## WORK ITEM
Lines outside the range are not wanted. Give again exactly the lines between the line holding "In the Queries" and the line holding "X says It's", inclusive, from the listing below.

Start of SOURCE MATERIAL

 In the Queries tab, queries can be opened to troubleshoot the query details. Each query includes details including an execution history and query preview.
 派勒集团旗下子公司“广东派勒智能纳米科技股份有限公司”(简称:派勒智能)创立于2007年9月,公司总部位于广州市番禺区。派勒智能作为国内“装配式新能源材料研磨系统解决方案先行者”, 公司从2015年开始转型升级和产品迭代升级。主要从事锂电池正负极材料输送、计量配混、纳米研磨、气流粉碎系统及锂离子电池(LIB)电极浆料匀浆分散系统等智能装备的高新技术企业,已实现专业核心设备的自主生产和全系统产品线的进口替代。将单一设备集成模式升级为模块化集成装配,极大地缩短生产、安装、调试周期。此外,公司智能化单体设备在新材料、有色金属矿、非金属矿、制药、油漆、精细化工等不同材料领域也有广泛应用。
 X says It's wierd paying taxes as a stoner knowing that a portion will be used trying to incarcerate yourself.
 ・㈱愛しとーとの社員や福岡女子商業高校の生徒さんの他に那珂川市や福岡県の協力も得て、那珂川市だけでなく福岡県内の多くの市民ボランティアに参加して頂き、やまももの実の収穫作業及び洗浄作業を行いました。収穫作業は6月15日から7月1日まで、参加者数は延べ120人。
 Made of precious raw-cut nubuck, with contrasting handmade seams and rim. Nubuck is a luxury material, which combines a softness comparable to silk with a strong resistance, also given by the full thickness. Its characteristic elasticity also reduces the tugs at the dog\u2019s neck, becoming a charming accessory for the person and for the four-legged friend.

End of SOURCE MATERIAL
Start of SOURCE MATERIAL

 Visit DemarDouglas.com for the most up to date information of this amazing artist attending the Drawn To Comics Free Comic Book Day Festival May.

End of SOURCE MATERIAL

## ANSWER AREA
 In the Queries tab, queries can be opened to troubleshoot the query details. Each query includes details including an execution history and query preview.
 派勒集团旗下子公司“广东派勒智能纳米科技股份有限公司”(简称:派勒智能)创立于2007年9月,公司总部位于广州市番禺区。派勒智能作为国内“装配式新能源材料研磨系统解决方案先行者”, 公司从2015年开始转型升级和产品迭代升级。主要从事锂电池正负极材料输送、计量配混、纳米研磨、气流粉碎系统及锂离子电池(LIB)电极浆料匀浆分散系统等智能装备的高新技术企业,已实现专业核心设备的自主生产和全系统产品线的进口替代。将单一设备集成模式升级为模块化集成装配,极大地缩短生产、安装、调试周期。此外,公司智能化单体设备在新材料、有色金属矿、非金属矿、制药、油漆、精细化工等不同材料领域也有广泛应用。
 X says It's wierd paying taxes as a stoner knowing that a portion will be used trying to incarcerate yourself.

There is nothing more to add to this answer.